Воробьиха, на ходу завязывая платок, отозвалась:
- Пошли поглядим, как Гашка будет своего рыжего выводка показывать мужу!
Малашка помчалась за нею.
- Ничего, вывернется, стерва! Такая из воды сухая выйдет и любую собаку перебрешет!
Гашка, услыхав топот соседок, быстро захлопнула перед их носом калитку на задвижку и уже с крыльца крикнула:
- Что надо‑то? Когда нужны будете, позовём! Совесть надо иметь! - И повернулась к Миколке: - Вот соседки! И не приведи господь. Очухаться человеку c дальней дороги не дадут.
Миколка шапкой сбил пыль с сапог и поднялся на крыльцо.
Что происходило между Миколкой и его женой, никто не узнал. Но на насмешки мужиков Миколка только отшучивался:
- Мальчишку найти - это тоже клад! Вырастет, земельный надел получу, а от этого хозяйство не пострадает. У Гашки у моей губа не дура! Другие от пленных девок вывели, а моя вот какого работника произвела. Да и я в плену не дремал.
А Гашка рассказывала о боевых похождениях своего Миколки в Австро–Венгрии такую несуразицу, что он даже удивился.
- Ну и бреховка ж ты у меня, Гашка! Полсвета прошёл, а такой нигде не встречал!
- Ну вот! - отвечала ему довольная Гашка. - Раз я разъединственная такая, то держись за меня крепче! Таких немного и то, наверное, родятся только на Кубани.
Мишка Рябцев был отправлен на кавказский фронт на год позже Митьки Заводнова. Лошади он не имел. Небольшой ростом, но ловкий и гибкий, сразу был зачислен в пластунское подразделение.
И не думал, не гадал Мишка встретить Митьку Заводнова, а довелось. Это случилось летом 1917 года, когда в войсках уже началось брожение.
На митингах казаки требовали увеличить количество увольняемых в отпуска, крыли начальство, старались всякими правдами и неправдами уйти подальше в тыл. Турки, хорошо осведомлённые о состоянии русских войск, начали наступление.
Конный полк, в котором служил Митька, вместе с другими частями откатывался под нажимом турок. Пластуны встретились с конниками в одном из ущелий за Араксом. Тут‑то Мишка и увидел Митьку. И страшно обрадовался земляку:
- Глякося, Митро! Да неужто это ты? Здорово!
- Я! А то кто ж! - хмуро откликнулся Митька, не узнав сразу земляка.

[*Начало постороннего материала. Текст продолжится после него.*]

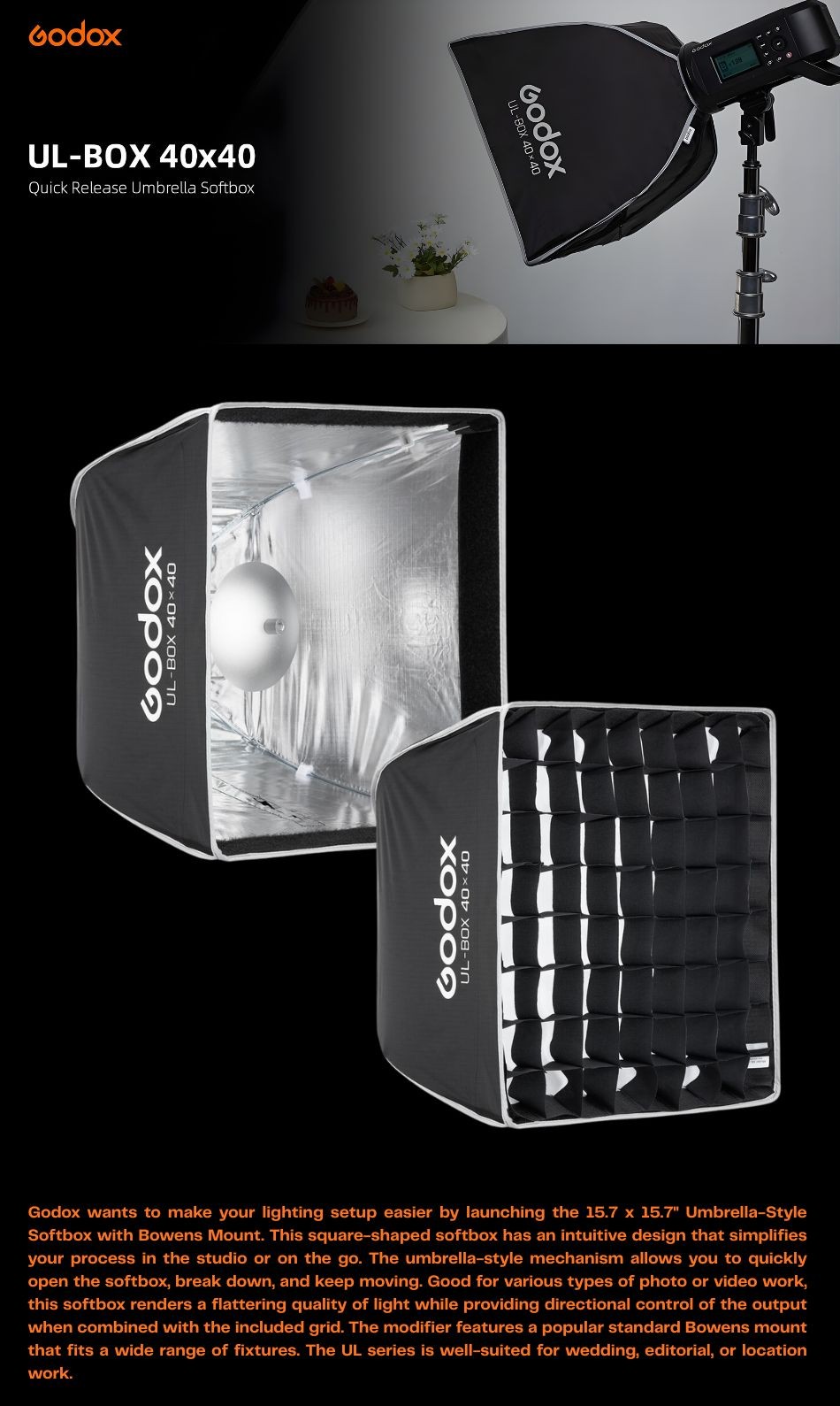 Godox wants to make your lighting setup easier by launching the 15.7 x 15.7" Umbrella-Style Softbox with Bowens Mount. This square-shaped softbox has an intuitive design that simplifies your process in the studio or on the go. The umbrella-style mechanism allows you to quickly open the softbox, break down, and keep moving. Good for various types of photo or video work, this softbox renders a flattering quality of light while providing directional control of the output when combined with the included grid. The modifier features a popular standard Bowens mount that fits a wide range of fixtures. The UL series is well-suited for wedding, editorial, or location work.

Мишка потрепал по шее Митькиного коня.
- Ишь ты! Значит, и Ветерок твой жив?
- Тьфу ты! Да ведь это ж Мишка! - наконец узнал Митька одностаничника. - Кожа да кости, толкни - рассыплешься! По голосу я тебя, Мишка, а не по обличью опознал!
Митька соскочил с коня.
- Ничего! Были б кости, а мясо нарастёт! Я живучий, и пули, бог милостив, пока мимо летят. Я ведь здесь больше ползком, - отшучивался Мишка, обнимая Митьку.
У обоих от радости сверкали на глазах слезы.
- Встретились‑то вон как! Вот неожиданность!..
Мишка рукавом потрёпанной черкески вытирал глаза. У него все лицо было в болячках: обморозился на днях на перевале.
- Что с рожей‑то твоей? - спросил Митрий.
Михаил объяснил. И рассмеялся:
- Чудно! Внизу весна, турецкие бабы босые землю мотыгами ковыряют, а вверху метель - свету божьего не видать. Ночь проплутали в тылу у турок, а как погода улеглась да на солнце засверкал снег, поверишь, все зараз поослепли. У подъесаула очки чёрные - ему ничего. Кричит на нас: "Чего тыкаетесь, как слепые щенки!" А мы хватаемся друг за друга, падаем. А турки по нас жарят!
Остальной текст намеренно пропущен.